■ Input data
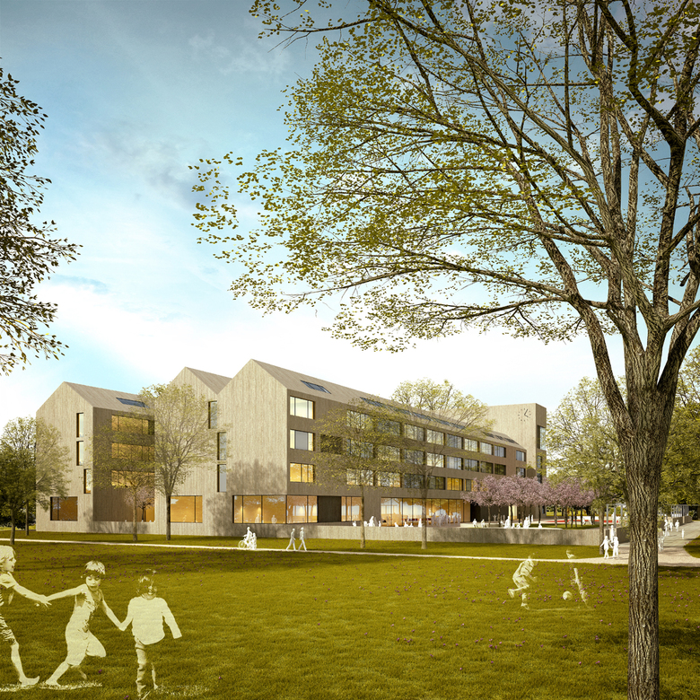 Im Rahmen eines begrenzt offenen Wettbewerbs für den Neubau einer Gesamtschule in der Ossietzkystrasse im Kölner Stadtteil Nippes wurde ein Planungsbeitrag erstellt.
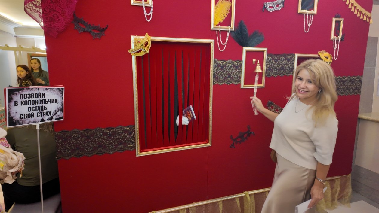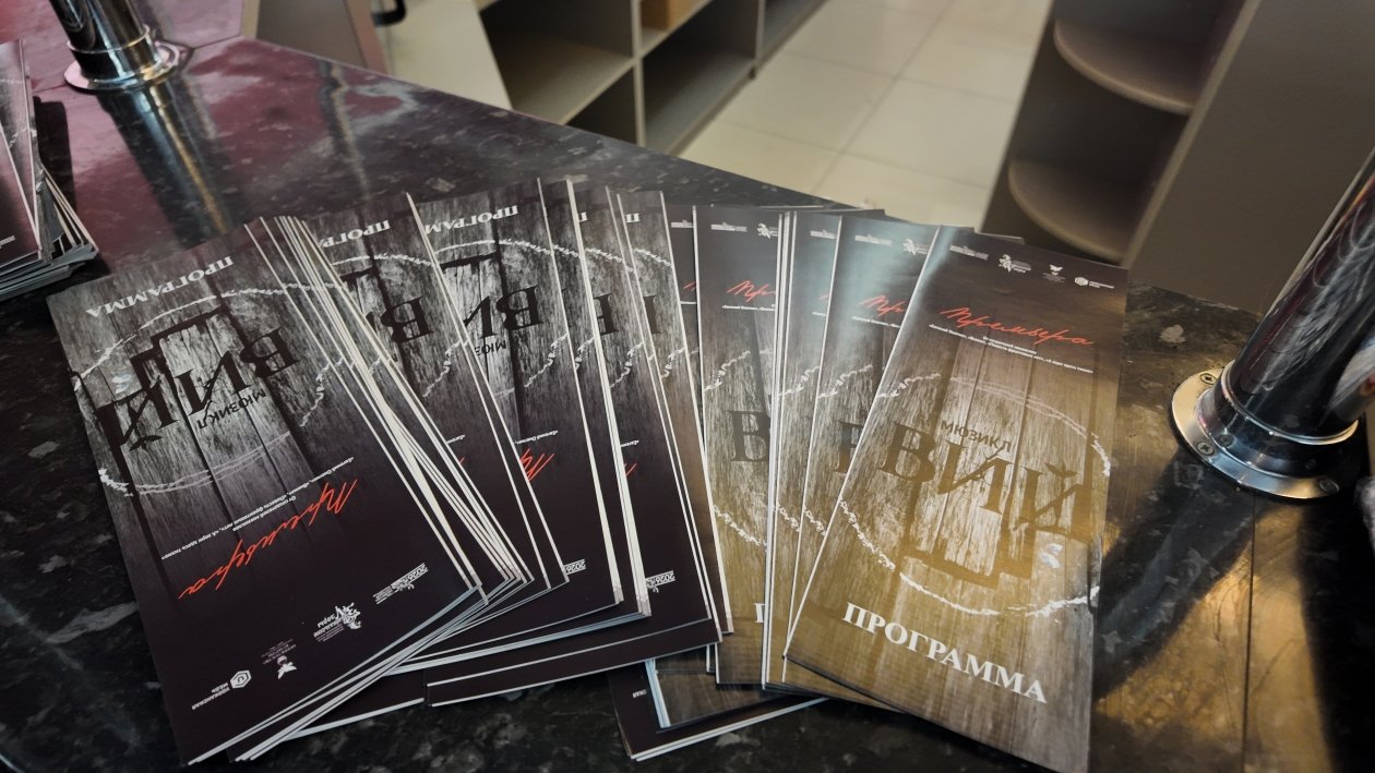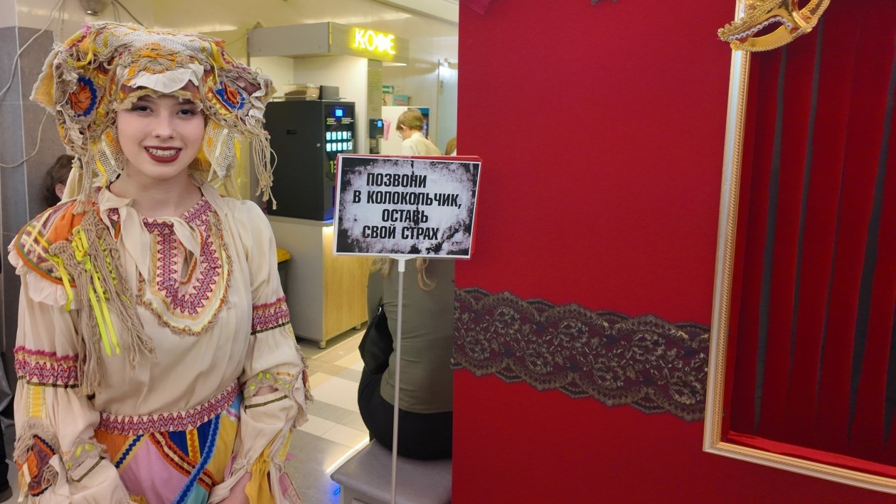 Прежде чем перейти непосредственно к постановке, стоит пару слов сказать о действе в фойе. Гостей ждали несколько интерактивных площадок, посвящённых произведению. В одной из них пани предлагала позвонить в колокольчик и избавиться от страха. Сделавшим это руки из "стены" протягивали "послание" и стаканчик со "святой водой". Отличная отсылка и к советской картине (в виде рук из стены), и к итогу самого произведения, где Хома умирает от страха.
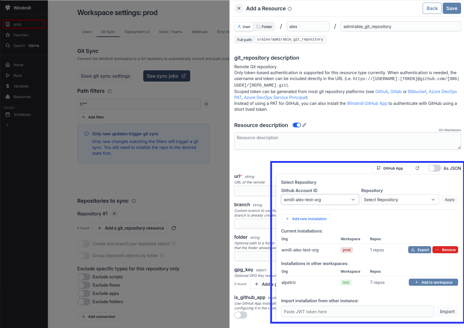 - Trigger pull/push operations directly from the workspace settings UI for seamless git sync management.
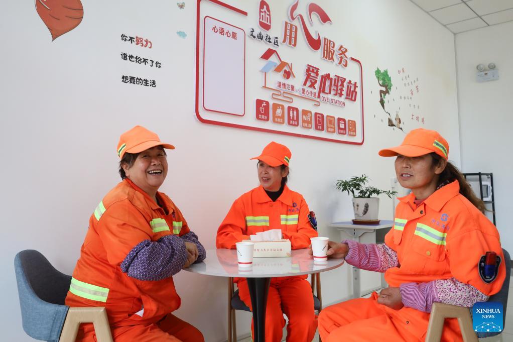 Trabajadoras de saneamiento descansan en una zona de ocio de una comunidad en la Nueva Área de Lanzhou, en la provincia noroccidental china de Gansu, el 17 de octubre de 2023. En 2012, la Nueva Área de Lanzhou fue aprobada por el Consejo de Estado como la quinta zona de desarrollo económico especial a nivel nacional, siendo también la primera nueva área de desarrollo a nivel estatal en el noroeste de China.

■ Your goal
Your reply should contain only an exact copy of the lines from the beginning of the material through the line with "Прежде чем перейти", both ends included, with the pictures removed.

■ Exercise answer
 Im Rahmen eines begrenzt offenen Wettbewerbs für den Neubau einer Gesamtschule in der Ossietzkystrasse im Kölner Stadtteil Nippes wurde ein Planungsbeitrag erstellt.
 Прежде чем перейти непосредственно к постановке, стоит пару слов сказать о действе в фойе. Гостей ждали несколько интерактивных площадок, посвящённых произведению. В одной из них пани предлагала позвонить в колокольчик и избавиться от страха. Сделавшим это руки из "стены" протягивали "послание" и стаканчик со "святой водой". Отличная отсылка и к советской картине (в виде рук из стены), и к итогу самого произведения, где Хома умирает от страха.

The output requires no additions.